▶ _Available data_
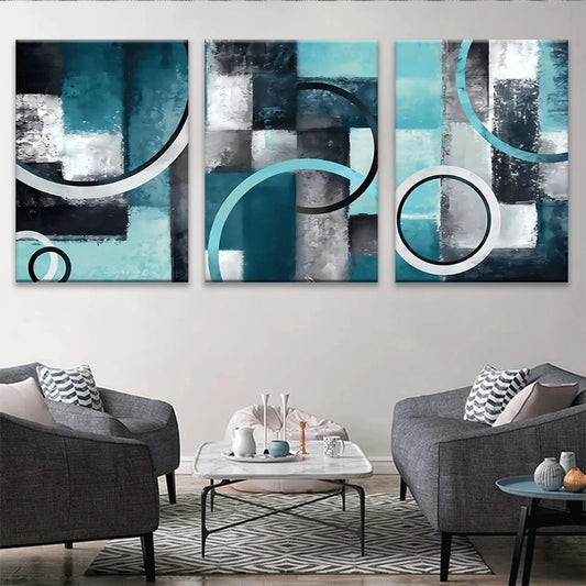 3pcs Abstract Geometric Green Blue Metal Print Ready to Hang Art
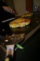Okonomiyake are rich omelettes made with vegetables (or fish and meat) at your table. You order the ingredients and then mix them up and cook them on the big hot plate in front of you. After a few minutes and few deft flips with the supplied spatula, you eat!
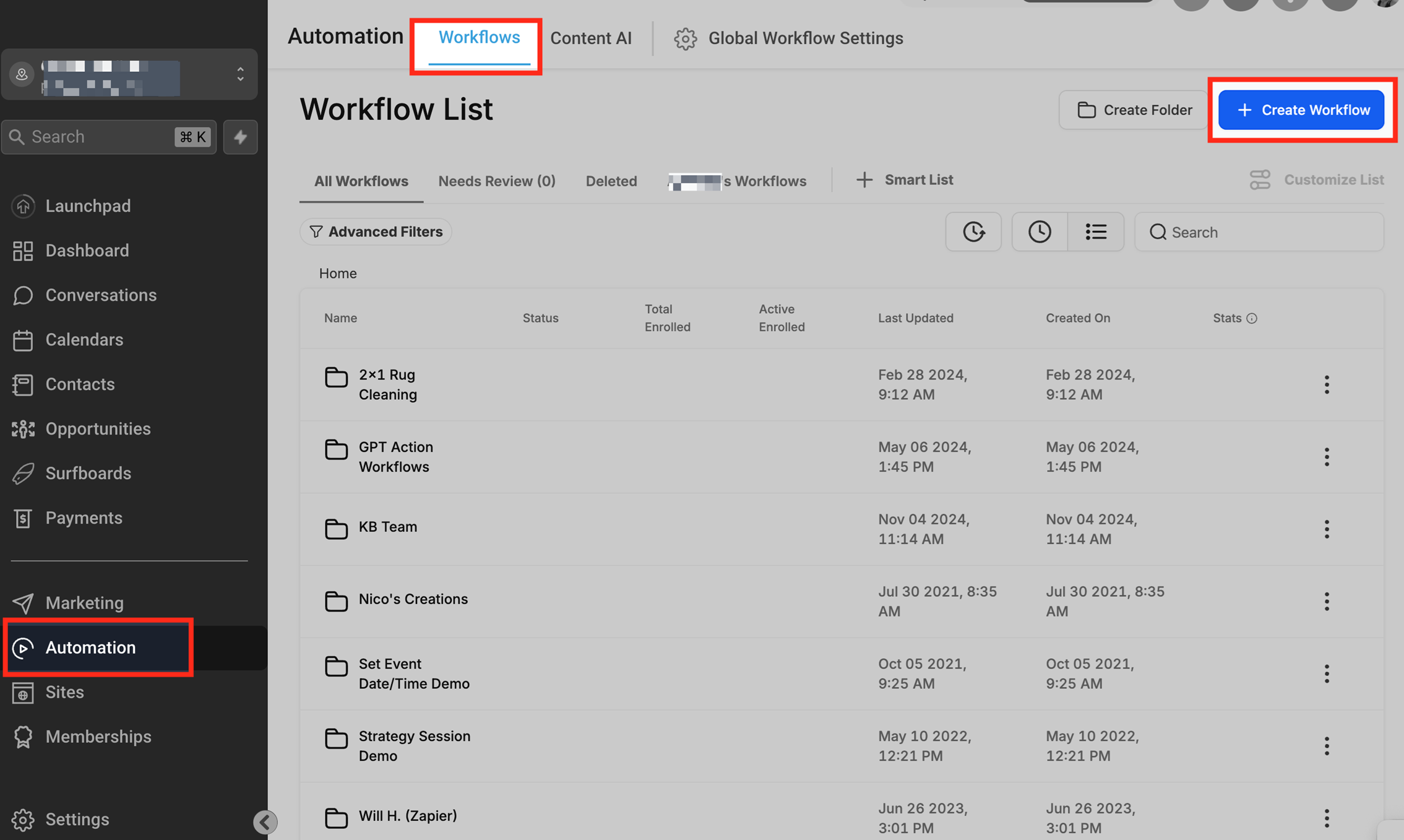 Navigate to the automation section in your dashboard, select “Workflows” at the top, and "Create Workflow" or edit an existing one.
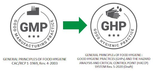 พอเปลี่ยนเป็น GHP ซึ่ง ตัว “H” ย่อมาจากคำว่า “Hygiene” เพื่อให้สามารถครอบคลุมอุตสาหกรรมอื่นๆ ที่เกี่ยวข้องกับ “Food Chain” หรือ “ห่วงโซ่อาหาร” ว่าทุกอุตสาหกรรมที่เกี่ยวข้องกับอาหารตั้งแต่เริ่มต้น

▶ _What is being asked_
Output only the lines that run from the line containing "Navigate to the" to the last line of the data, exactly as they stand and without pictures.

▶ _Task output_
 Navigate to the automation section in your dashboard, select “Workflows” at the top, and "Create Workflow" or edit an existing one.
 พอเปลี่ยนเป็น GHP ซึ่ง ตัว “H” ย่อมาจากคำว่า “Hygiene” เพื่อให้สามารถครอบคลุมอุตสาหกรรมอื่นๆ ที่เกี่ยวข้องกับ “Food Chain” หรือ “ห่วงโซ่อาหาร” ว่าทุกอุตสาหกรรมที่เกี่ยวข้องกับอาหารตั้งแต่เริ่มต้น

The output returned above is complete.